* _THE TASK_
The required output is the exact run of lines from the one that contains "Abb. Übernommener Buchungssatz" to the end of the data, with every picture left out.

* _THE INPUT_
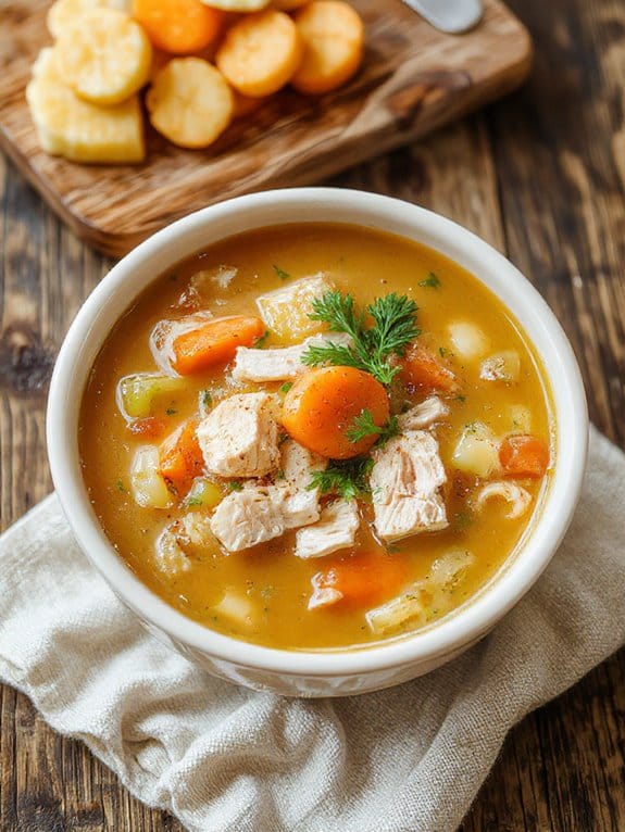 When you’ve got a steaming bowl of chicken noodle soup, nothing completes the meal quite like a slice of crusty bread—it’s perfect for soaking up every last drop. I love pairing it with crusty bread types like baguettes, sourdough, or ciabatta, each adding its own texture and flavor. If you’re feeling adventurous, try baking your own! My go-to bread baking tips include using a hot oven, adding steam for that crispy crust, and letting the dough rest properly. There’s something so satisfying about tearing into a warm, homemade loaf alongside a comforting bowl of soup. It’s a match made in heaven!
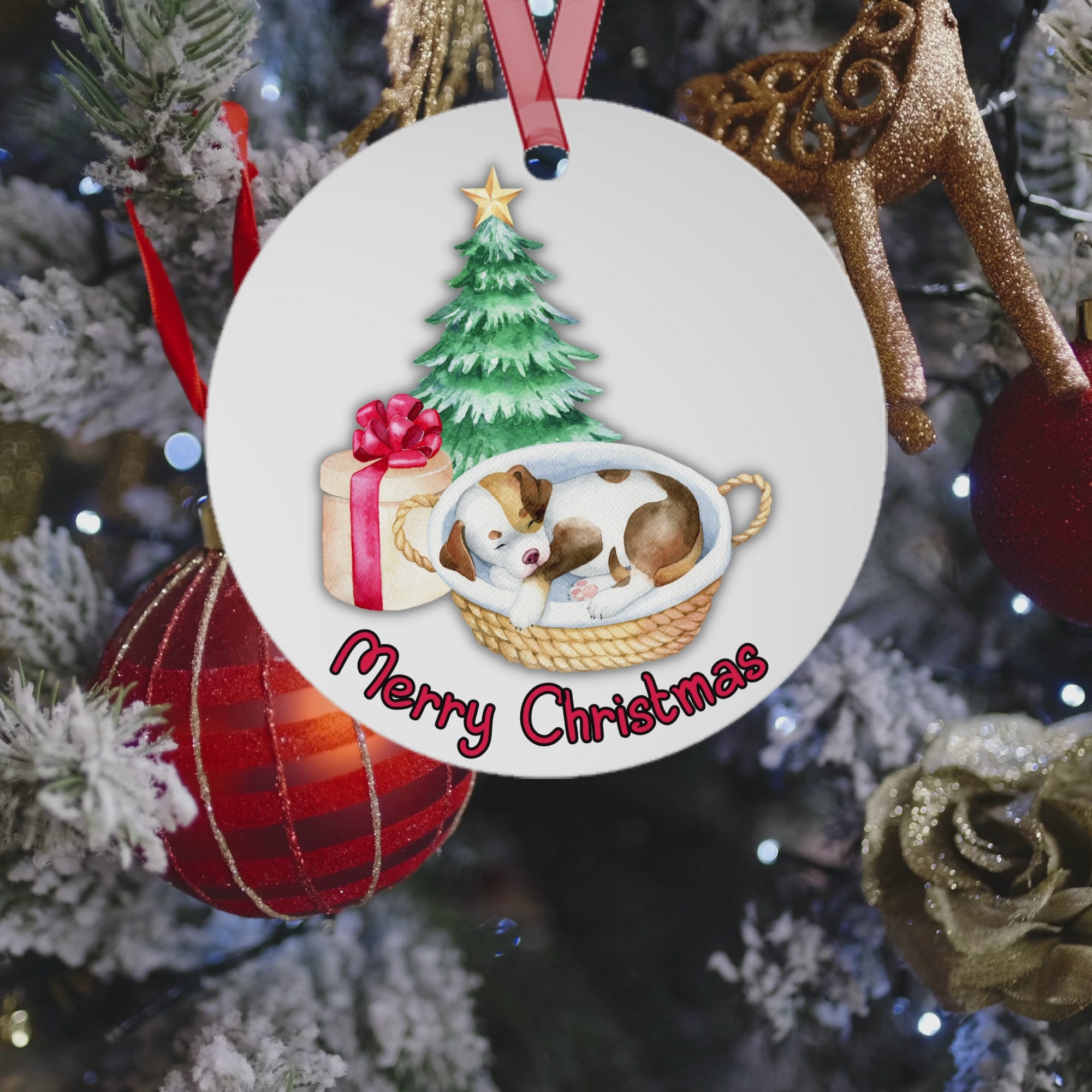 Our adorable puppy is resting in a basket under a Christmas tree and has the timeless message to have a "Merry Christmas". This is a metal christmas tree ornament which is durable and will bring holiday cheer for years to come. The design is printed on both sides of the white aluminum base with a glossy finish. The surface is scratch and chip-resistant, and it comes with a red ribbon for hanging. .: White aluminum base with a glossy finish .: Scratch and chip resistant surface .: Printed on both sides .: Each ornament comes with a red ribbon for hanging .: Round ornaments are 3.50" x 3.50"
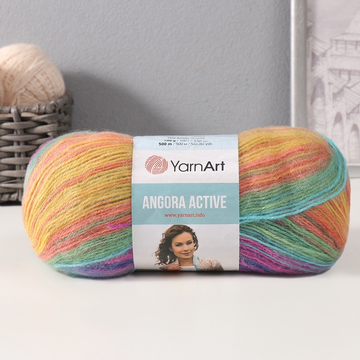 Пряжа для вязания спицами, крючком YarnArt, Angora Active, 20% шерсть, 80% акрил, 500 м/100 г, (850 радуга)
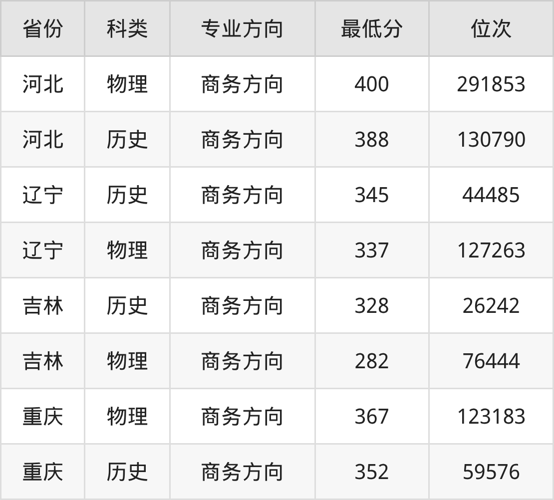 2025年河北对外经贸职业学院应用韩语专业在河北录取最低分:物理组是400分,对应位次排名是291853名;历史组是388分,对应位次排名是130790名。
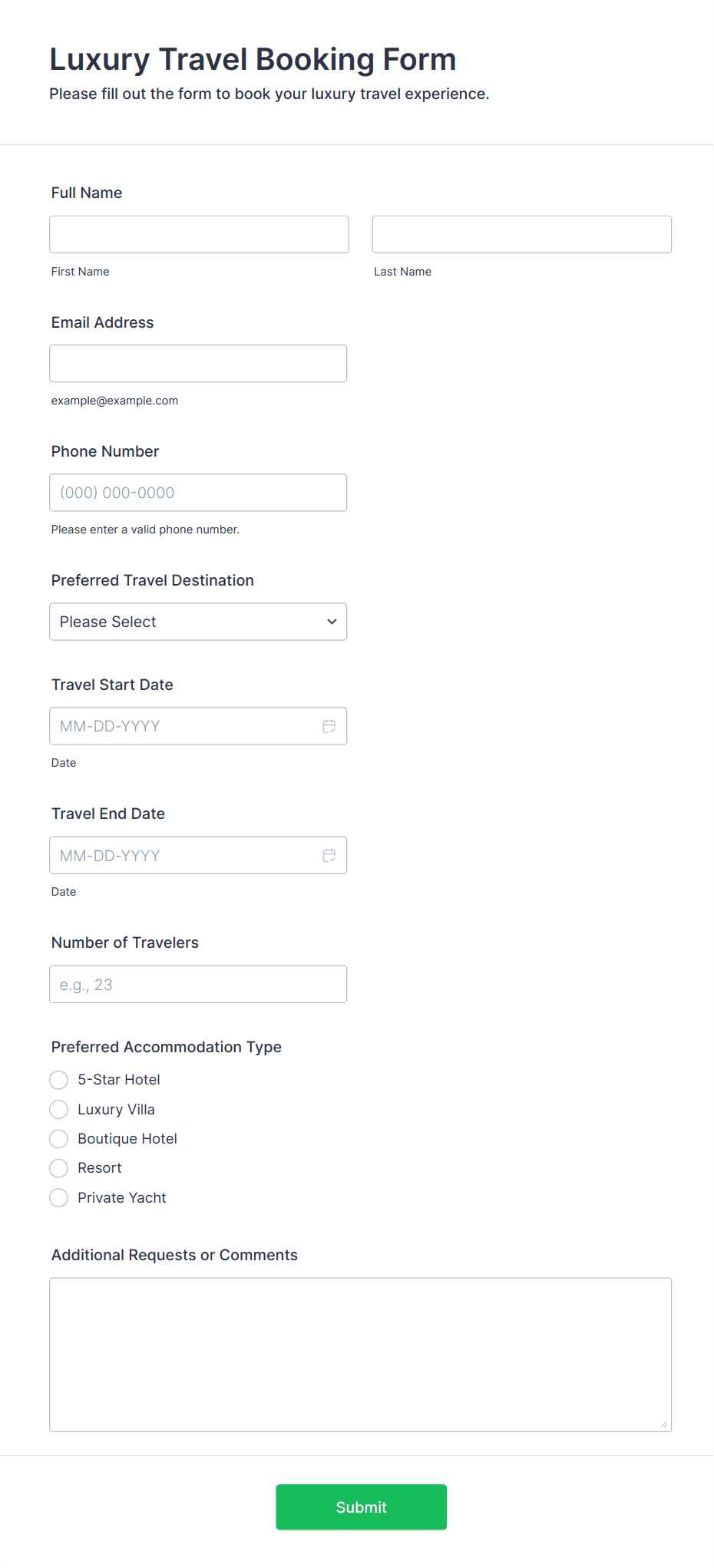 Booking forms are digital tools designed to streamline the process of scheduling appointments, reserving services, or booking resources. They are commonly used across a variety of industries, including hospitality, healthcare, education, event management, and personal services. Whether you’re managing hotel room reservations, client appointments, event registrations, or equipment rentals, booking forms help automate the intake of essential information, reduce manual errors, and ensure a smooth experience for both service providers and customers. Typical use cases include booking consultations, reserving meeting rooms, scheduling classes, or securing tickets for events.
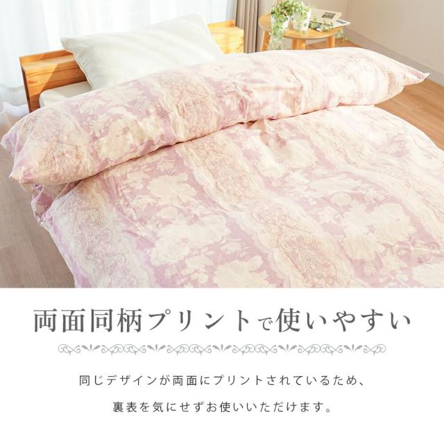 掛け布団カバー シングル 綿100% 日本製 シングルサイズ 150×200cm YKK全開ファスナー 8ヶ所スナップボタン 両面プリント ロイヤル エレガント オーナメント柄 掛けふとんカバー 布団カバー
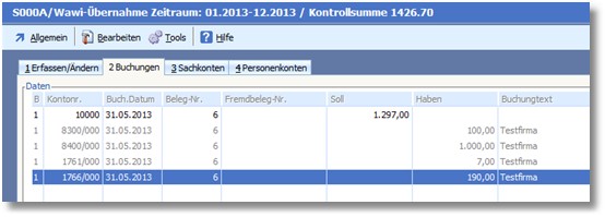 Abb. Übernommener Buchungssatz
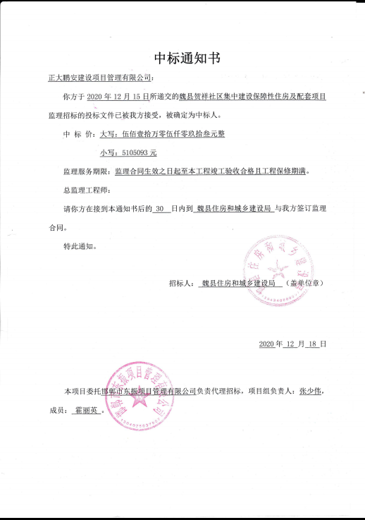 正大鵬安中標(biāo)魏縣賀祥社區(qū)集中建設(shè)保障性住房及配套項(xiàng)目監(jiān)理

* _WORKED SOLUTION_
 Abb. Übernommener Buchungssatz
 正大鵬安中標(biāo)魏縣賀祥社區(qū)集中建設(shè)保障性住房及配套項(xiàng)目監(jiān)理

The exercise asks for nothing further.